Now, there are many ways to test whether a modified gravity theory can produce a flat rotation curve. Most of these involve numerical integration of many orbits. These tools exist and I can point them out to you, but they are computationally very expensive to run, and many of them you outright cannot use because you only have an approximate force law that is only valid for point particles.
No worries; let’s start with a way more elementary test: circular motion at the outskirts of galaxies. This test is not at all conclusive, but if your theory cannot pass this very rudimentary test, then you have a problem. The idea is very simple, and only require high-school level math and physics.
This is a test of whether your theory has a hope of producing a flat rotation curve for stars/clumps of gas orbiting at the outskirt of galaxies. Most of the light we see in a galaxy is concentrated near the center of the galaxy. Therefore, far in the outskirt, the gravitational acceleration on an orbiting star due to the luminous part of the galaxy can be well approximated by a point source. This is very useful, as you only have the equation
F = -k \frac{M_1 M_2}{r^2} \cos\Theta
which is only valid for a point source.
The idea is the following:
- For stars and clumps of gas orbiting in a somewhat circular orbit, they experience two types of accelerations: centripetal and gravity. As these stars are not being flung inwards/outwards from the galaxy, these two accelerations balance each other in the radial direction:
a_{\rm centripetal} = \vec{a}_{\rm gravity} \cdot \hat{r}
- The centripetal acceleration is simply (where V is the orbital tangential velocity and R the orbital radius):
a_{\rm centripetal} = \frac{V^2}{R}
- As you can see, by substituting a_{\rm centripetal} to the equation in point 1), you can solve for V(R), the orbital tangential velocity as a function of the orbital radius. If the rotation curve is flat, then V would be constant with respect to R:
V(R) = \rm{constant}
- If your theory can produce V(R)=\rm{constant} for this very stripped-down system, then you are in business. Otherwise this is a problem and you have to come up with explanations why your theory is still valid.
Let me do a couple of examples for you. Let’s take the Galaxy M87, upon which astronomical observations have shown that regions beyond 20 kiloparsec possess a flat rotation curve.
For Newtonian gravity without dark matter, the acceleration experienced by the star in the radial direction is well approximated by
\vec{a}_{\rm gravity} \cdot \hat{r} = \frac{G M }{R^2}
where M is the mass of the galaxy.

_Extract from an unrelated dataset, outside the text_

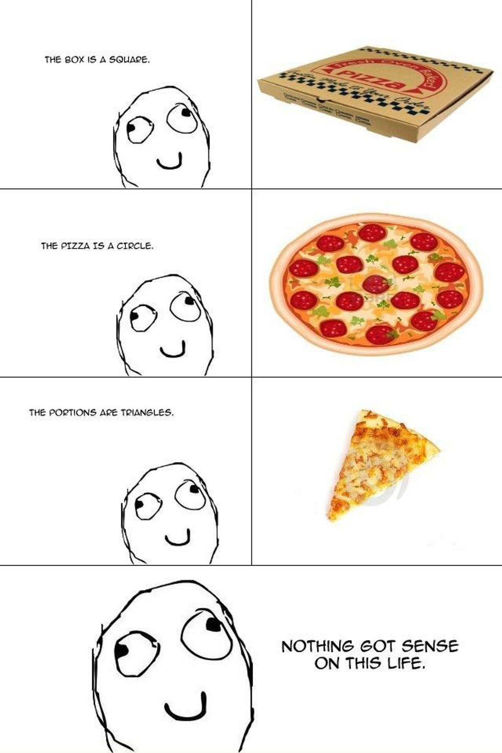 17. Why is a pizza box a square while the pizza is circular and the individual slices are triangular?

Plugging in this equation to the equation in point 1),
\frac{V^2}{R} = \frac{GM}{R^2}
Clearly then,
V(R) \propto \frac{1}{\sqrt{R}}
This is a Keplerian rotation curve, not a flat rotation curve, which again, is V(R) = \rm{constant}. Thus, Newtonian gravity without dark matter fails this test.

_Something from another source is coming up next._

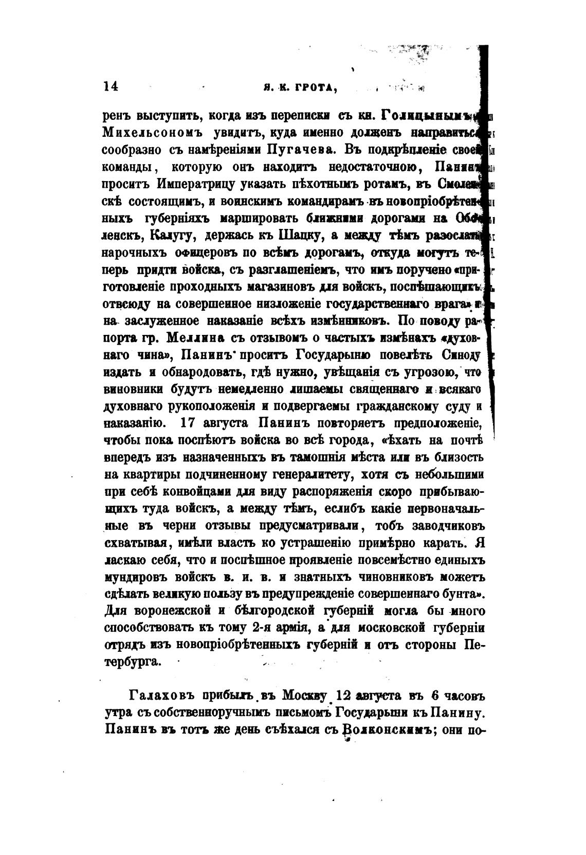 Панинъ въ тоть же день съЬхися съ Волконскимъ; они по-

Another example: MOND, where for M87 at distances beyond 20 kiloparsec, gives an acceleration experienced by the star in the radial direction to be
\vec{a}_{\rm gravity} \cdot \hat{r} = \sqrt{\frac{GM}{R^2}a_0}
where a_0 is some constant. Plugging in this equation to the equation in point 1),
\frac{V^2}{R} = \sqrt{\frac{GM}{R^2}a_0}
Clearly then,
V(R) = (a_0 G M)^{1/4} = \rm{constant}
thus MOND passes this test: it can produce a flat rotation curve in this simplified calculation.
Now is your turn: plug in your equation for M87 at a distance of 20 kpc and beyond, and show that it can also give a flat rotation curve: V(R)=\rm{constant}. If it passed this test, then we can proceed to building more complicated models.
Don’t hesitate to ask me questions, but again, I am taking one last chance with you. If you attack my professional competence and honesty again, I will cease communication with you.
Edit: An additional caveat, @Joe_Bakhos, note that you do not need to produce V(R)=\rm{constant} exactly, but just to the extend of the error bars of astronomical measurements.